- Occupations: author, journalist
- Years active: since 1985
- Notable work: Superbug: The Fatal Menace of MRSA; Beating Back the Devil;

= Maryn McKenna =

American journalist and author

Maryn McKenna is an American author and journalist. She has written for Nature, National Geographic, and Scientific American, and spoke on antibiotics at TED 2015.

==Career==
In 2009, McKenna received a Dart Center Ochberg Fellowship from The Journalism School at Columbia University. In 2012, she was awarded an Ethics & Justice Investigative Journalism Fellowship at The Schuster Institute for Investigative Journalism at Brandeis University. In 2013, she joined the Knight Science Journalism program at the Massachusetts Institute of Technology to work on a Fellowship.

McKenna has written for Nature, Scientific American, Wired and the National Geographic, and has been a staff reporter for The Cincinnati Enquirer, the Boston Herald and The Atlanta Journal-Constitution.

Her book Beating Back the Devil: On the Front Lines with the Disease Detectives of the Epidemic Intelligence Service is about the Epidemic Intelligence Service of the Centers for Disease Control and Prevention. Her book Superbug: The Fatal Menace of MRSA is about methicillin-resistant Staphylococcus aureus; a review on the CDC website called it "an extensively researched and detailed review".
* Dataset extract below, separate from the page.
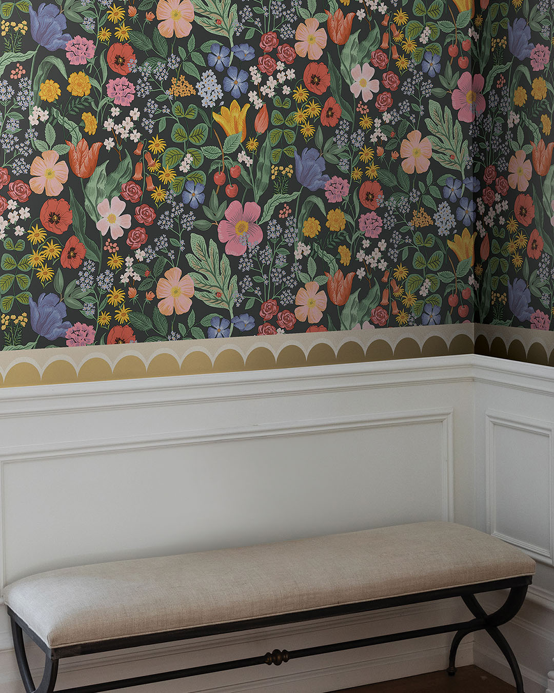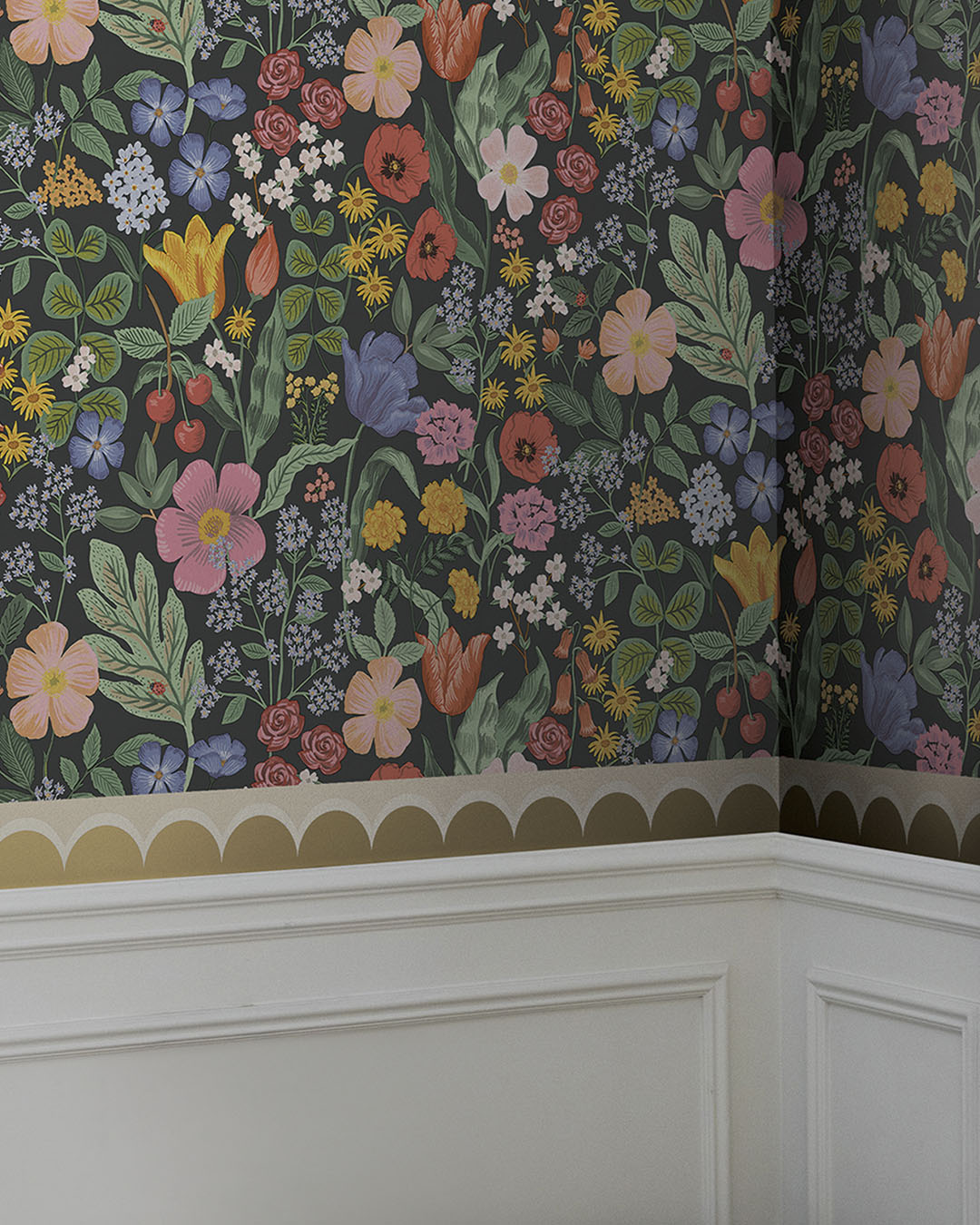 Scallop Trim är en grafisk bård med mjuk, rundade bågar. Formen delas av av en smal, ljus linje som förstärker den handmålade känslan. Bårdens ena kantfält är beige och det bågformade mönstret är guldmetallic. En enkel, lättplacerad bård som ramar in dörrar, fönster eller väggfält och ger rummet en varm, vänlig accent utan att ta över.

Her article "Imagining the Post-Antibiotics Future" is included in The Best American Science and Nature Writing 2014.

== Selected works ==
- Beating Back the Devil: On the Front Lines with the Disease Detectives of the Epidemic Intelligence Service (2004)
- Superbug: The Fatal Menace of MRSA (2010)
- Big Chicken: The Incredible Story of How Antibotics Created Modern Agriculture and Changed the Way the World Eats (2017)
- "Return of the germs" (2020)

==Awards and honors==
McKenna received a Byron H. Waksman Award for Excellence in the Public Communication of Life Sciences in 2013, and a Leadership Award from the Alliance for the Prudent Use of Antibiotics in 2014.